## EXERCISE DATA
______________________________

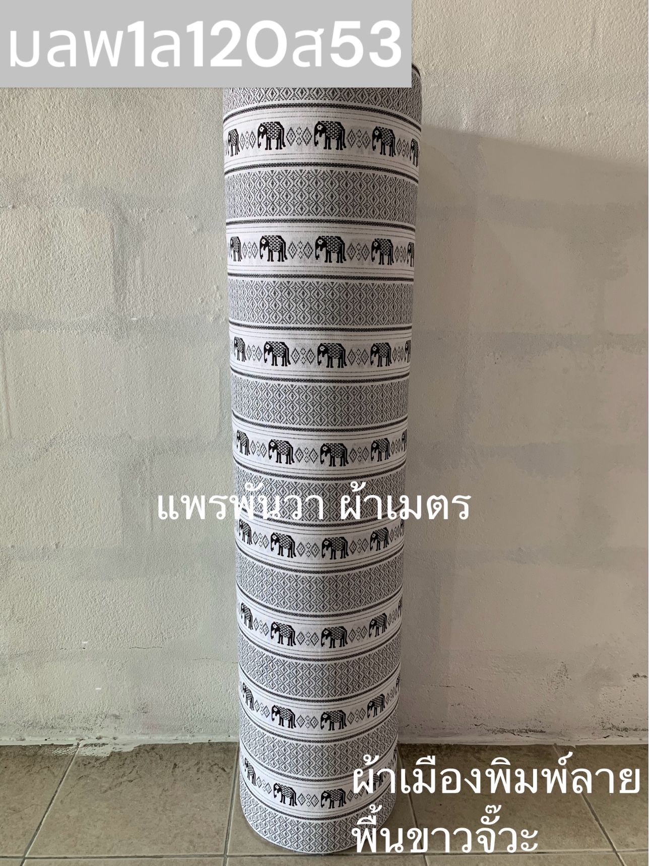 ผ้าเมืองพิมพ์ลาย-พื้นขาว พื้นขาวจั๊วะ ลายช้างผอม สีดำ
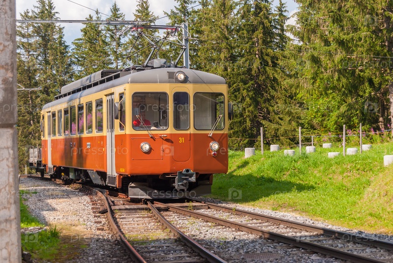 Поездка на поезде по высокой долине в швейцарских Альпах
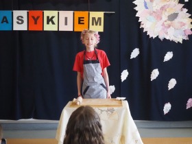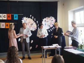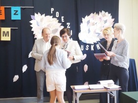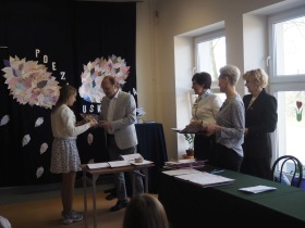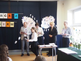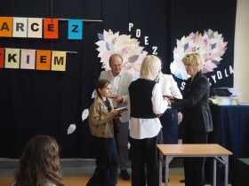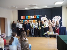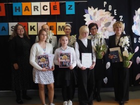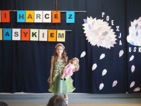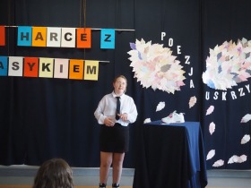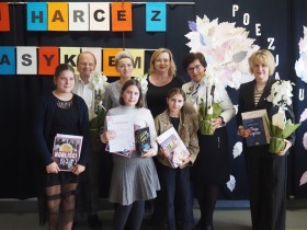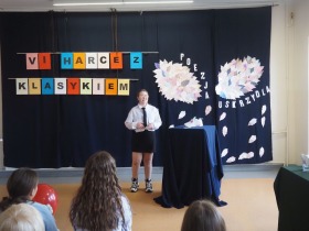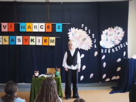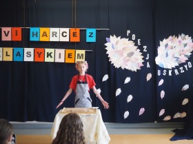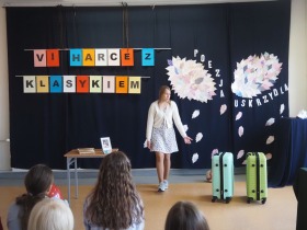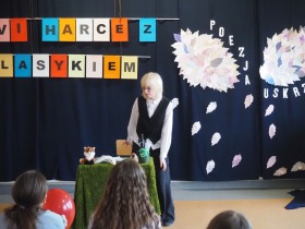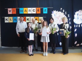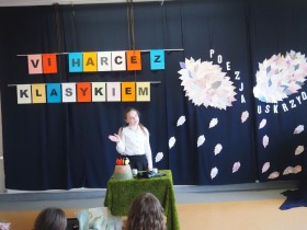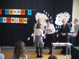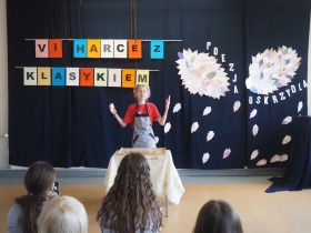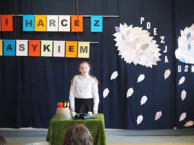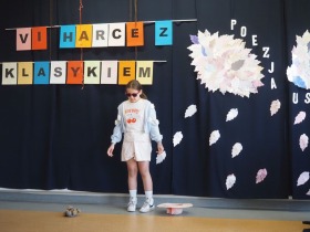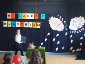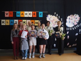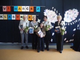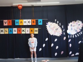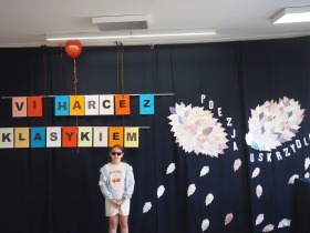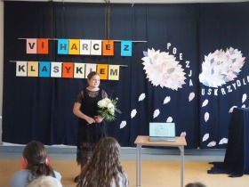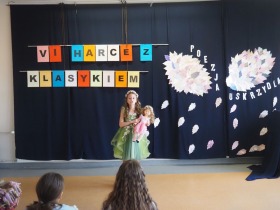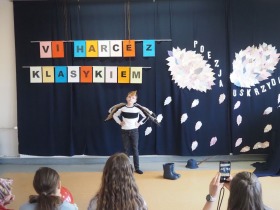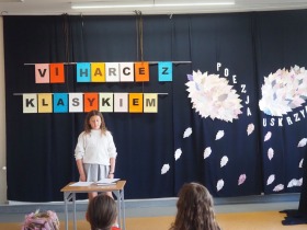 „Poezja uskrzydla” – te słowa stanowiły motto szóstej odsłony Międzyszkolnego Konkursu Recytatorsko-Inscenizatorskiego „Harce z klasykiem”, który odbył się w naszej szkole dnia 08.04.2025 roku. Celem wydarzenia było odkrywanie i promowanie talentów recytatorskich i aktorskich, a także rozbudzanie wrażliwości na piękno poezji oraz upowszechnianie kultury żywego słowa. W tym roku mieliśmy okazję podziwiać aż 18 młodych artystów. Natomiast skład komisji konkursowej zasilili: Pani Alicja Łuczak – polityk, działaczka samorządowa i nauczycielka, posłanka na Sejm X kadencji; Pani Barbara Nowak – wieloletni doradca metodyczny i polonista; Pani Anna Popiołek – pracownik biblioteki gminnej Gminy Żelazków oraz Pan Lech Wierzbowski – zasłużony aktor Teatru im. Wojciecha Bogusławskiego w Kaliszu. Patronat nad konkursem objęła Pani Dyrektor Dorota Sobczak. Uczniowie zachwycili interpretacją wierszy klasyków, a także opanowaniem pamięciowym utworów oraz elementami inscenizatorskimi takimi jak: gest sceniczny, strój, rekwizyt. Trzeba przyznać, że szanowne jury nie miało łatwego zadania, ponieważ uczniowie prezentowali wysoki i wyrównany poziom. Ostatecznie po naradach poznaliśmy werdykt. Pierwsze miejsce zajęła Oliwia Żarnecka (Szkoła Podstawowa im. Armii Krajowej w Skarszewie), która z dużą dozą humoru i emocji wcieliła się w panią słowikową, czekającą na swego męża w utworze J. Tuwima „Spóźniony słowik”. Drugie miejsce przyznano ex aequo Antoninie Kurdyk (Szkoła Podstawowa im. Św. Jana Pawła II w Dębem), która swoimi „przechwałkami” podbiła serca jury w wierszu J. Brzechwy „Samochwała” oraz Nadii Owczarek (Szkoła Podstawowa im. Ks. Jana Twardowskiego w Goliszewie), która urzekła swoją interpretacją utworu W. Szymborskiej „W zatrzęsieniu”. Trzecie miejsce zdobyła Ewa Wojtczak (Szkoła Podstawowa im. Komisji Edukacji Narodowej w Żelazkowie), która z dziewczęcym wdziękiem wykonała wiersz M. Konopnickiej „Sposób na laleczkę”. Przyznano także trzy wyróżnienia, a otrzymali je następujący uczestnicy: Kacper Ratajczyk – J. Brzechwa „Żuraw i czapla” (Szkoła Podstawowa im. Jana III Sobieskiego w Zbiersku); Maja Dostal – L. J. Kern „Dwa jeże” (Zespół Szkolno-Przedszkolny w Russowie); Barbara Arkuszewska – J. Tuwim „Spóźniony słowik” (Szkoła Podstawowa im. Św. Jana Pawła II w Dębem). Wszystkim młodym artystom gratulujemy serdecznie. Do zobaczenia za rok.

______________________________

Reproduce only the lines from the beginning of the data through the line that contains "Поездка на поезде", both included, and please drop the pictures.

 ผ้าเมืองพิมพ์ลาย-พื้นขาว พื้นขาวจั๊วะ ลายช้างผอม สีดำ
 Поездка на поезде по высокой долине в швейцарских Альпах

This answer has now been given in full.